I wondered if her confusion was due to the impending move. Bringing her to a realization that she would be going was a subtle and gradual process. I had obviously never said, ‘You are going to leave us, Jodie,’ which would have made her felt rejected and negated the positive feelings about High Oaks that we had carefully been nurturing. Instead, we worked on bringing her to an understanding that she would be going to High Oaks in the near future, first for a visit where she would have her own room and stay the night and have lots of fun. It all had to be very positive, which it was. It was moving on, not leaving behind. She appeared to listen as I emphasized all the progress she had made during her stay with us, how much she would enjoy herself at High Oaks with Ron and Betty, how we would all miss her, and that we would still visit.

‘Will my mummy and daddy visit?’ she asked.

‘No. Definitely not.’ But whereas in the past this would have given her some comfort, she now seemed to see it as another rejection.

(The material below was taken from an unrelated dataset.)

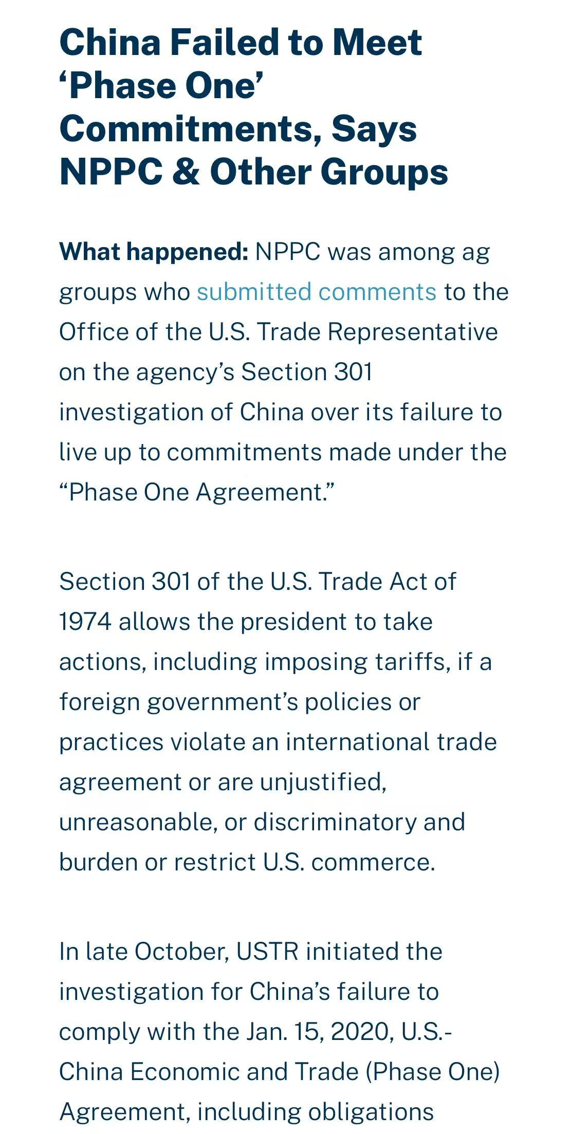 在美国贸易代表办公室(USTR)指控中国未履行中美第一阶段贸易协议农业条款的背景下,美国猪肉生产者理事会(NPPC)等农业团体近日提交意见书,支持USTR依据《1974年贸易法》第301条款对中国发起调查。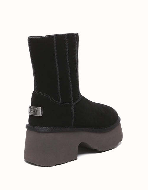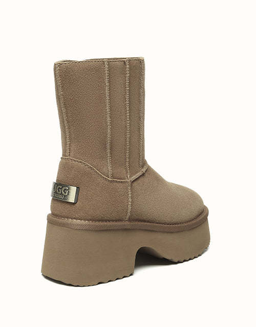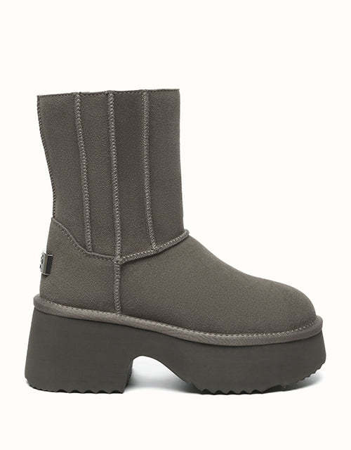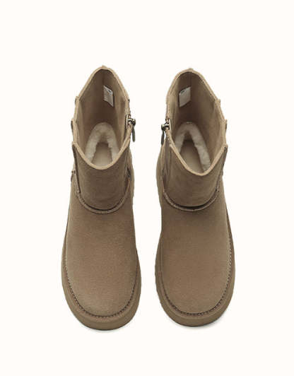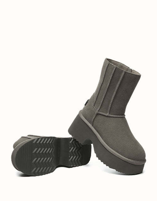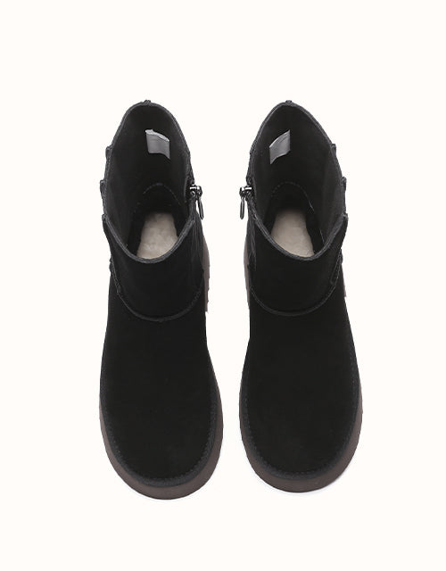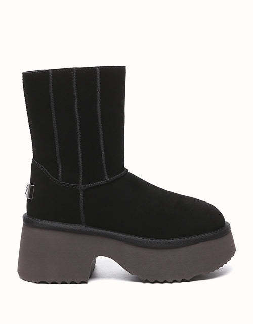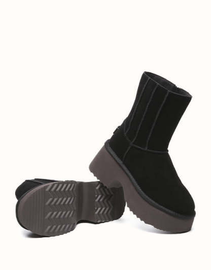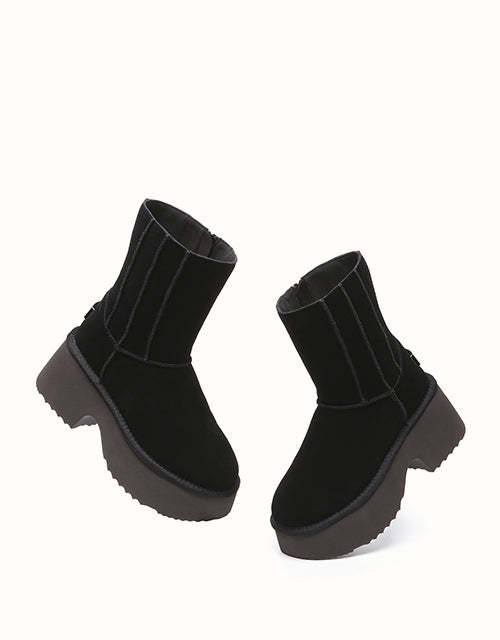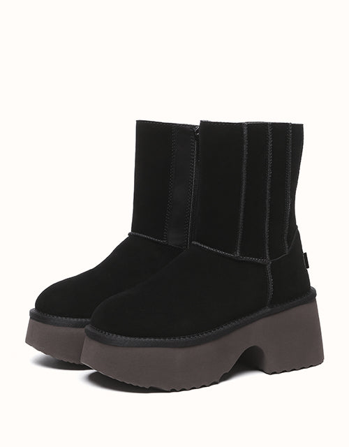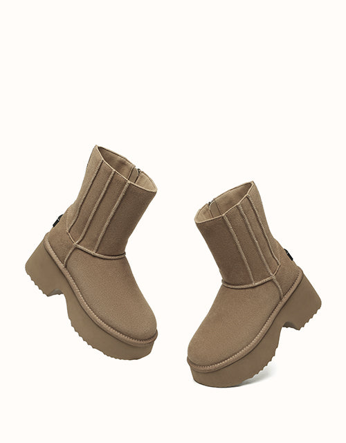 Les bottes à plateforme épaisse EVEthtRAU Yuana allient mode et fonctionnalité avec un daim de vache souple et un confort respirant. Disponibles en marron, noir et noyer, elles sont dotées d'un talon plateforme de 6 cm pour une hauteur subtile et un port facile toute la journée.

‘You lot! You’re all the same. I hate you. Get out!’ Reg suddenly appeared and lunged at me, spitting abuse. I hurried out and shut the door, then hovered on the landing. Ten minutes later the door swung open. Amy appeared, with her thumb in her mouth and a wet stain down the front of her pyjamas.

And it was a measure of how strange and distorted our lives had become that I was pleased to see Reg and Amy back. It meant that some level of ‘normality’ had been regained.

    

As the days brought us closer to Jodie’s next visit to High Oaks, she flipped between acute lethargy and violent anger, so I was administering sympathy and discipline in equal amounts, sometimes within the same minute. I was also struggling to come to terms with my own feelings about her leaving, as well as having to try to keep the rest of the family’s spirits up. I felt I was being stretched in all directions.

Wednesday morning finally arrived, and we found ourselves at High Oaks again, this time with Jodie’s overnight bag. Jodie rang the bell enthusiastically, and Ron and Betty answered. They’d advised me to keep my goodbye as short as possible, but in practice I was given no choice in the matter. Jodie wanted nothing to do with me, instantly transferring her affections and attention to Betty.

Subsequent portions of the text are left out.